LAUSR

Streptococcus gallolyticus subspecies gallolyticus (Sgg) has a strong clinical association with colorectal cancer (CRC) and actively promotes the development of colon tumors. Previous work showed that this organism stimulated the proliferation of CRC cells. However, the molecular mechanism underlying this ability was unknown. The extracellular matrix (ECM) is an important regulator of cell proliferation. Here, we found that Sgg upregulates the expression of several types of collagens in HT29 and HCT116 cells, with type VI collagen (ColVI) being the highest upregulated collagen. Knockdown of ColVI abolished the ability of Sgg to induce host cell proliferation. Our data further showed the ECM by itself is a direct mediator of Sgg-induced cell proliferation. This is evidenced by the effect of decellularized matrix (dc-matrix), which is free of bacteria or cells. Dc-matrix from Sgg-treated cells showed a significantly higher pro-proliferative activity than that from untreated cells or cells treated with the control bacteria.
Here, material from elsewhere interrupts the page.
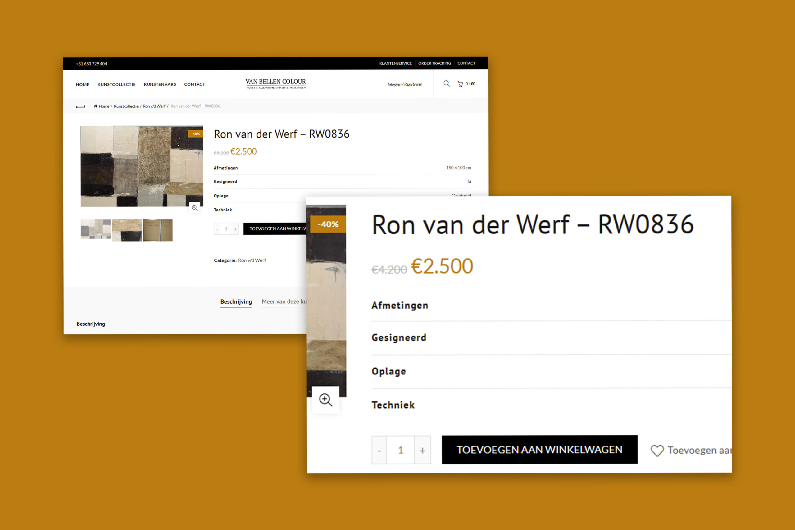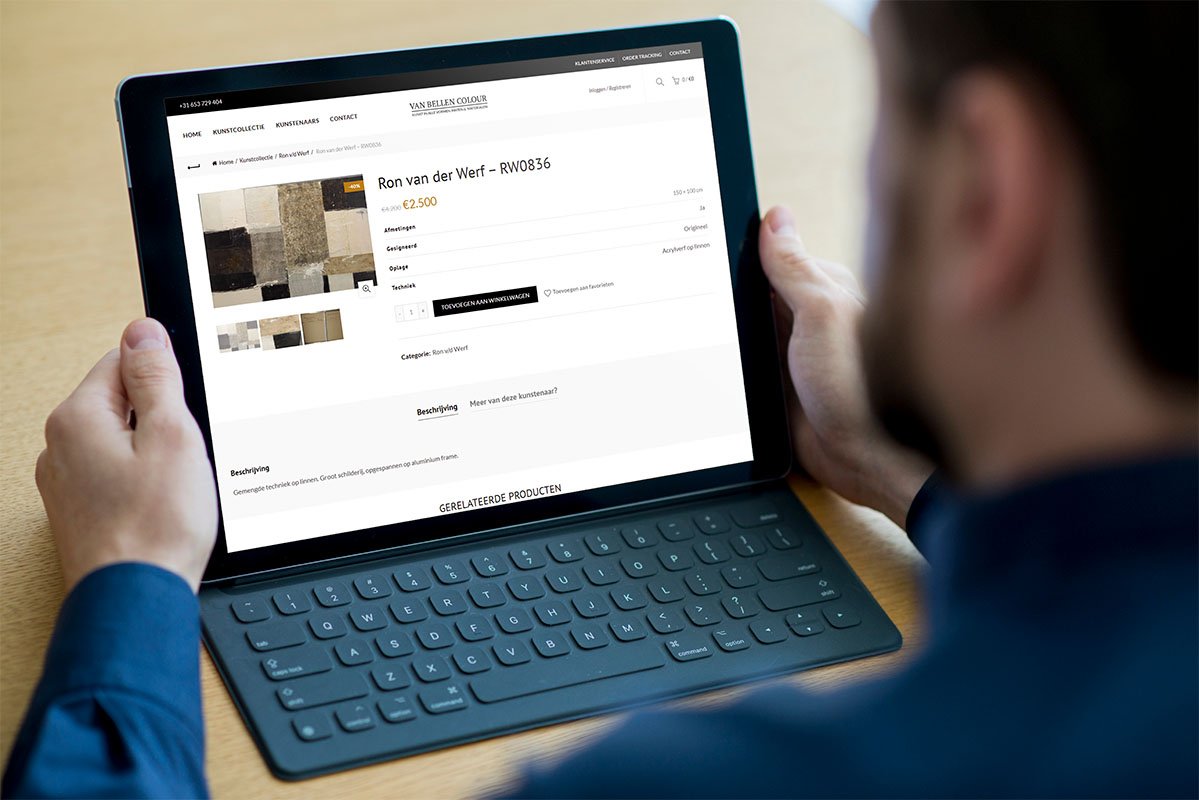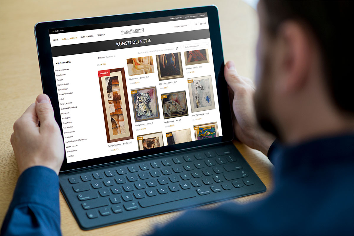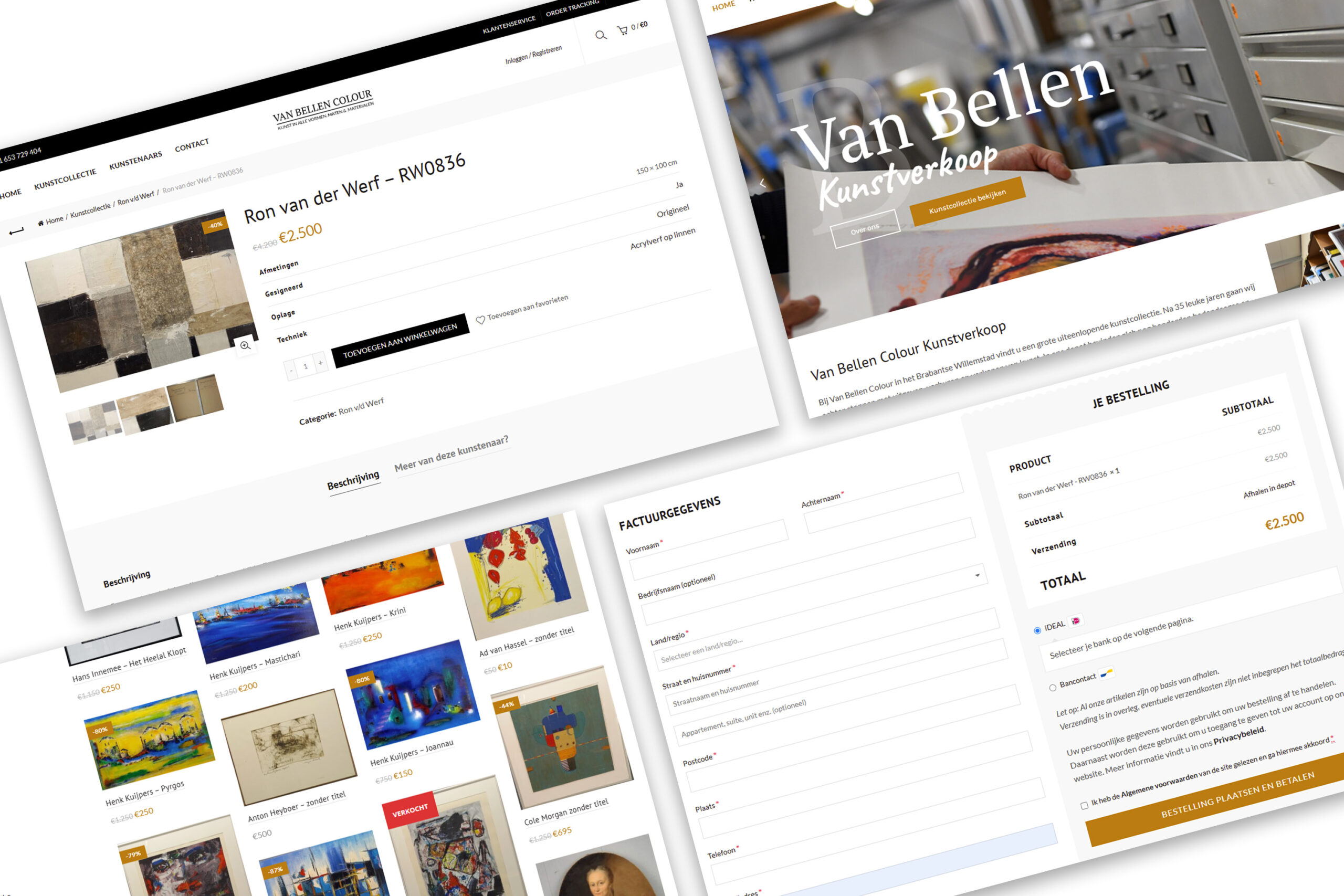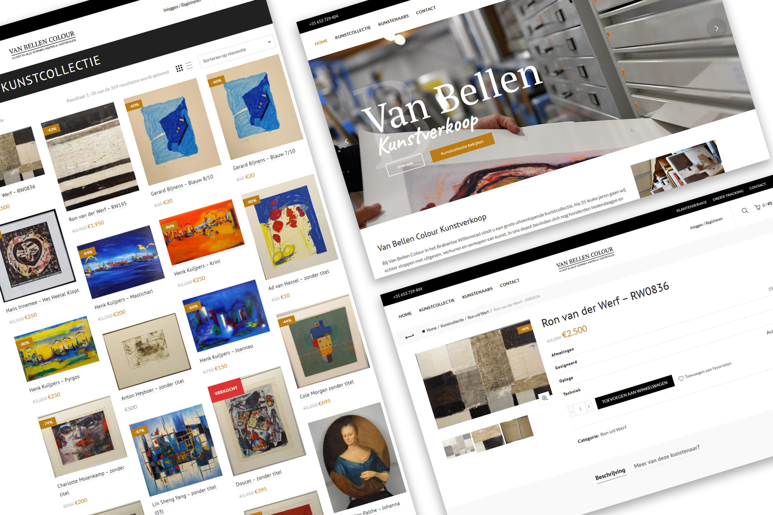 Van Bellen Colour, een bekende naam in de kunstwereld. Maar een eigen webshop hadden ze nog niet. Bij van Bellen houd men zich al 35 jaar bezig met uitgeven, verhuren en verkopen van kunst. Dat heeft geresulteerd in een depot met duizenden hedendaagse en moderne kunstwerken. De nieuwe webshop bied volop mogelijkheden om de collectie online te verkopen. Tegelijkertijd is een mooi bijkomend voordeel dat alle kunstwerken nu ook direct gearchiveerd zijn, en prijsinformatie altijd bij de hand is.
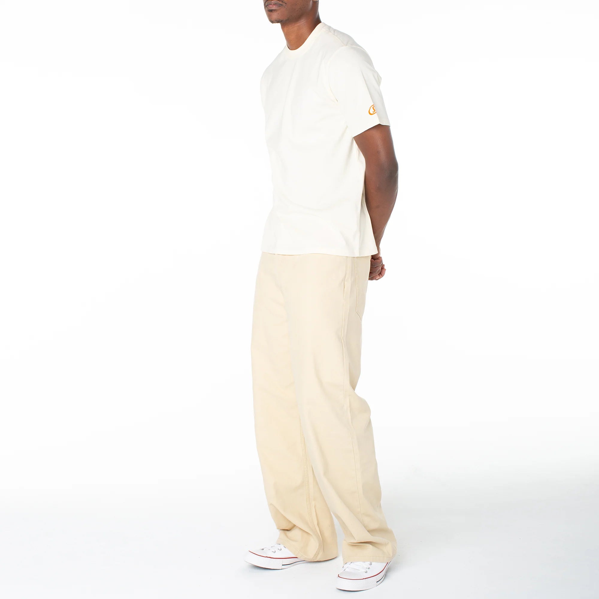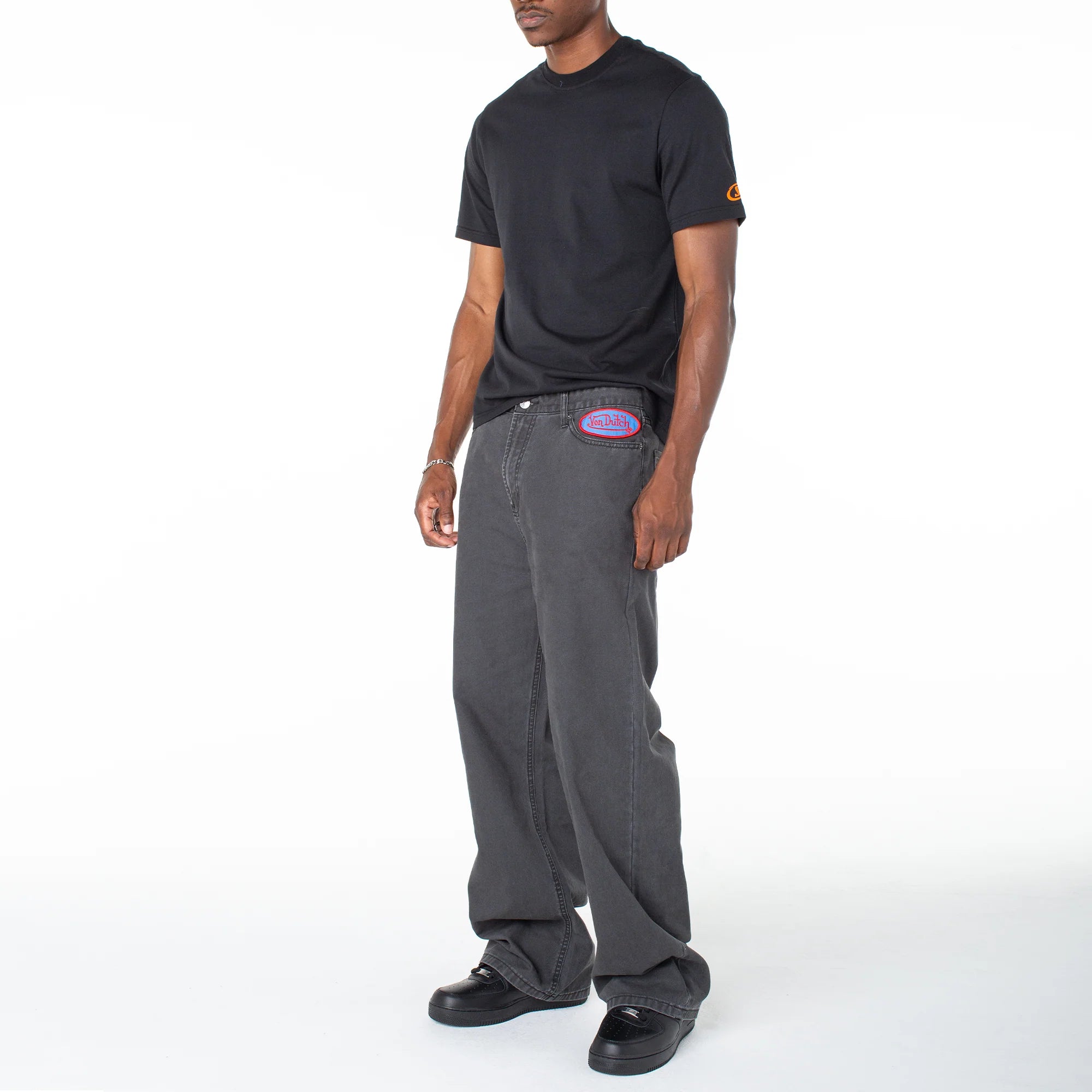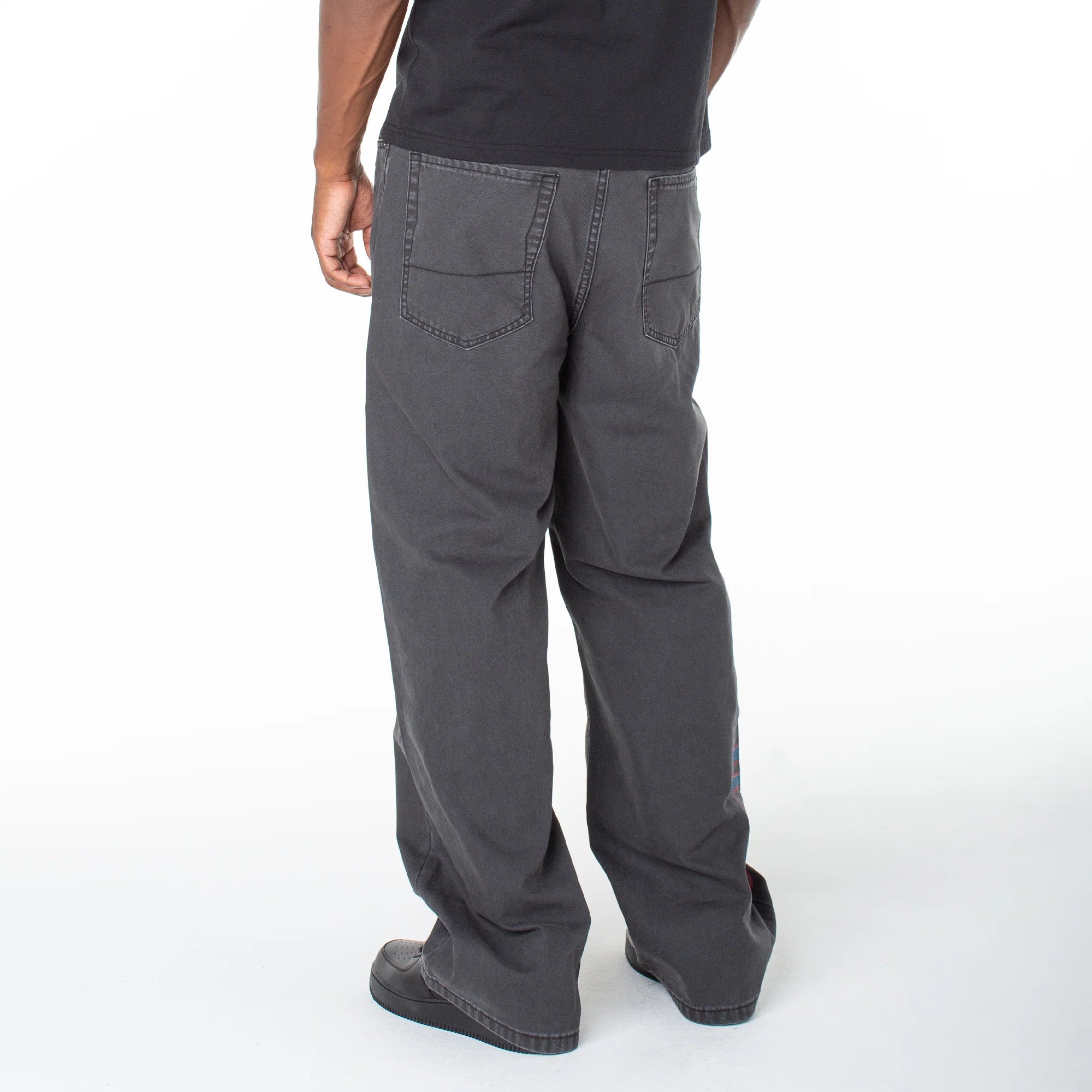 Serve streetwear casual in a baggy straight that features a bold contrasting graphic and lower-leg side patch. Match back to its coordinating snap-front short sleeve top for a one-and-done look.

On the other hand, dc-matrix from Sgg-treated ColVI knockdown cells showed no difference in the capacity to support cell proliferation compared to that from ColVI knockdown cells incubated in media only, suggesting the importance of matrix composition and property in this process. In addition, we showed that ColVI is important for Sgg to promote tumor growth in vivo. Taken together, the results reveal a novel mechanism in which Sgg stimulates CRC proliferation through modulation of the ECM.